While that may be true, there are three benefits to having extra information at your fingertips in an ORM diagram.

  1. You can generate the ER Diagram from the ORM diagram;
  2. You will not easily forget what the relationship between Lecturer and EmailAddress is within your model; and
  3. You can perform natural language queries over your database based on the semantic richness of your ORM model:
Natural Language Queries over a database

Mapping the has relationship in Lecturer has EmailAddress lets us understand that EmailAddress on our corresponding Entity Relationship Diagram does not mean Lecturer once had EmailAddress, or such like.

So the benefits are multi-fold.

The same can be said for Property Graph Schemas, as for Entity Relationship Diagrams.

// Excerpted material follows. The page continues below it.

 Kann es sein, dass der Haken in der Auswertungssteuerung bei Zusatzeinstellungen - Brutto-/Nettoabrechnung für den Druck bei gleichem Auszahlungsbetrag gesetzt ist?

They do not contain the level of granularity required to be truly informative about what the schema speaks of:

A Property Graph Schema

Even where a property graph schema does show property information for nodes, the information dearth is palpable.

I am the first to say that ER Diagrams and Property Graph Schemas are easier to look at than ORM diagrams, but putting in the extra work of an ORM diagram allows you to generate the ER Diagrams and Property Graph Schemas…so do the hard work once and enjoy the benefits.

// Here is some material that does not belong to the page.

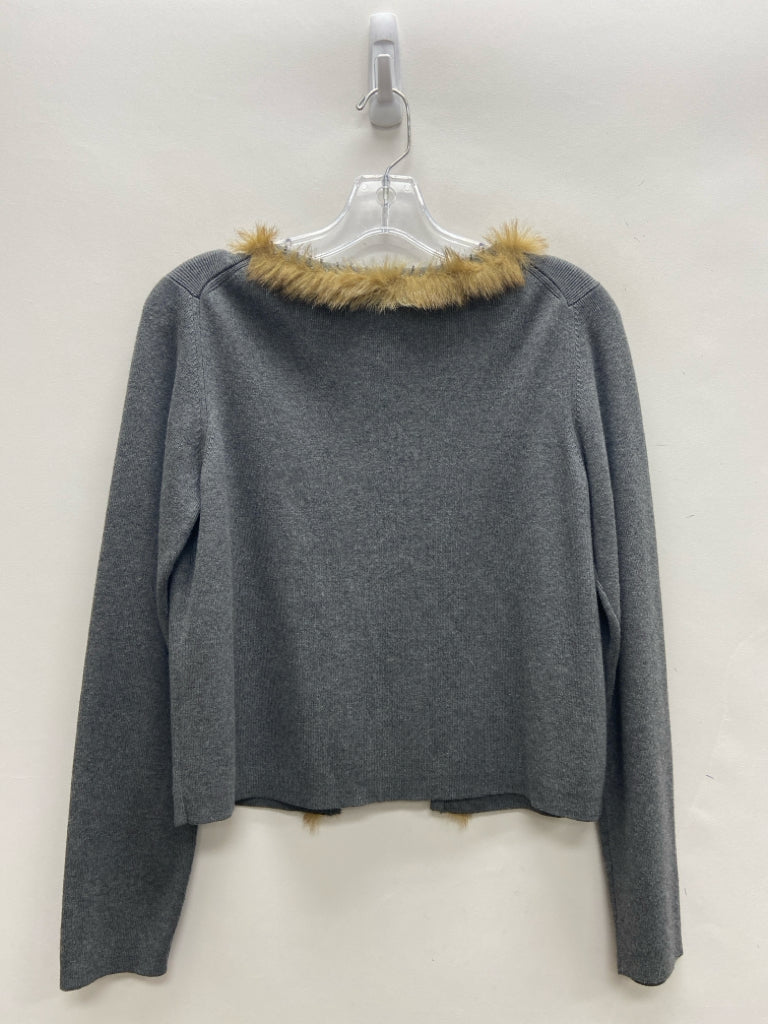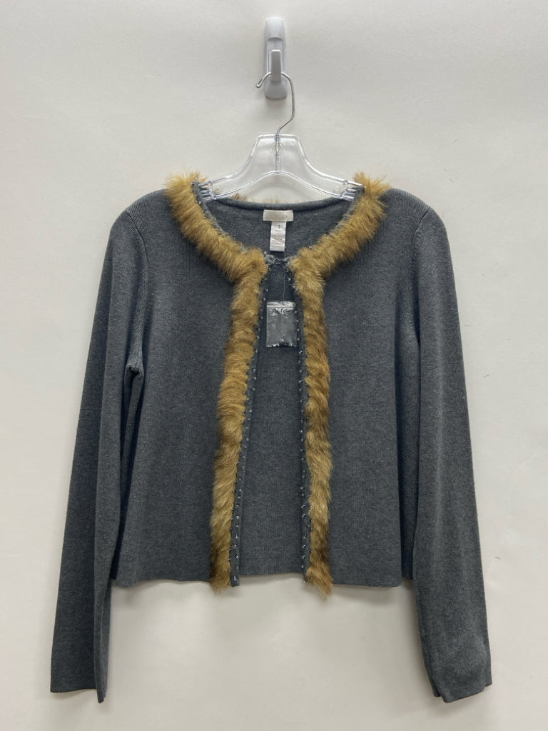 Chico's Size 1 Gray Tan Beaded Faux Fur Ladies Sweater

A Natural Affiliation with Graph Schemas and Graph Queries

Object-Role Models have a natural affiliation with Property Graph Schemas and make it easy to query a database with graph queries in natural language.

Indeed, when you range an Object-Role Model over your database you can envisage and treat your database as a graph database regardless of whether it is a relational database, a multi-model database, a key/value store or hierarchical database. Object-Role Modeling is database agnostic.

These are key reasons why I believe that Object-Role Modeling is a powerful tool in your arsenal as a data architect, data scientist, business intelligence professional or as a business analyst who needs to communicate with others about your schema.

  • Business analysts and data architects can capture the model in Object-Role Modelling.
  • Engineers can create the database as a graph/relational/hierarchical/multi-model/document store database.
  • Data scientists and business intelligence analysts can query the database in natural language.

With Object-Role Modeling you do the hard work once, and then make life easy by converting your ORM model to the desire of your stakeholder. Sometimes you do not even know who your ultimate stakeholder is until after you have prepared your model…how better to prepare for the unexpected?

Thank you for reading. I hope this is helpful in deciding over learning Object-Role Modeling as a transferable skill. As time permits I will write more on ORM and natural language/graph-based queries based on an Object-Role Modeling architecture.